NB: These stories, examples, and musings were originally written in 2012 when my oldest was not yet 9.

I desperately want my children to have the second nature to put a book back on the shelf when they’re done, to put their coat in the coat closet (I even just have a bin to toss them in!), to pick up their pencils when they fall on the floor, etc.

I want them to be established in good habits, because in things like that, it is all about what you are accustomed to do.

I want my children to have years of unbroken habit in keeping things the way they should be kept rather than in making and leaving messes. I want it to take no conscious thought or effort to put something away rather than just put it down wherever, just to do it that way because that’s what was natural to them.

But, there is no way they are going to have those sorts of habits built unless I have them as well, and unless I build them myself first.

After all, I won’t think to remind them to put things away if it’s not normal to me.

If I’m inconsistent, sometimes having them put things away and sometimes not; then they just learn (if they’re lucky) how to play their mother rather than learning any lasting habits.

Order and neatness cannot become natural to them unless I give them an environment where order and neatness is the norm. If the house is normally in decent order and we have set times to tidy up so things never get too far out of hand then they can see how pencils on the floor are out of order rather than barely noticeable and how leaving books spread all over the house is not right.

Then there is, of course, the hypocrisy angle. If the kitchen always has dirty dishes from three days ago and flour that’s been on the counter for days, how can I harp on Legos left out? If my bedroom has clothes on the floor, why do I care if their room has clothes on the floor?

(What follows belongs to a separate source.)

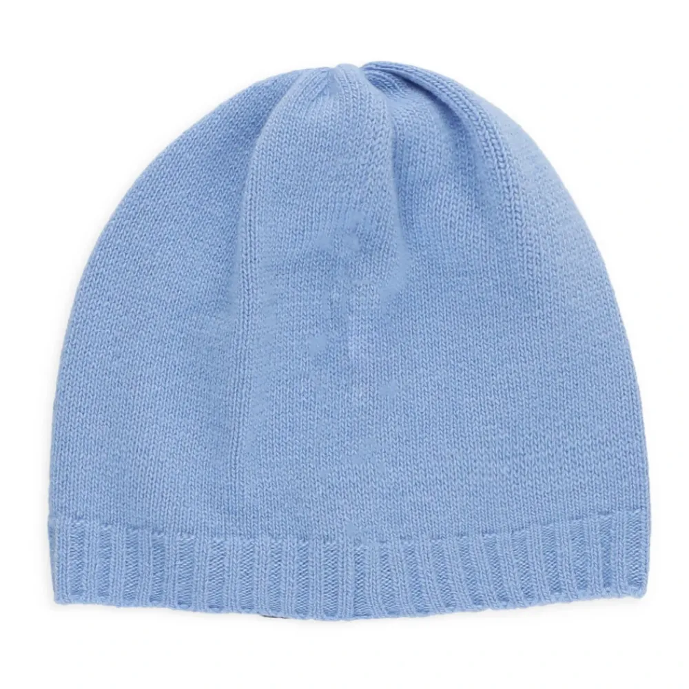 Blijf stijlvol en warm met deze lichtblauwe Moncler Enfant muts van zuivere wol voor meisjes met voorlogo borduurwerk in contrasterende kleur. Perfect voor modebewuste jongens.

If I expect of them what I don’t expect of myself, I will lose my credibility and their respect.

But what I need to remember in all this is that my desire is to give to them, not get from them.

I want good things for them; my intention is to bestow good habits, not to take from them, not even to demand of them, ultimately. That attitude needs to be evident in my words and actions, or once again I will not be giving them a love of order and neatness.

If it is not natural to me, and if things aren’t kept up regularly, then I get frustrated and become a harpy, carping on them for messes left hither and yon. And then cleaning up becomes a hateful, unpleasant thing for us all.

Instead, I want picking up to just be part of the normal rhythm of life.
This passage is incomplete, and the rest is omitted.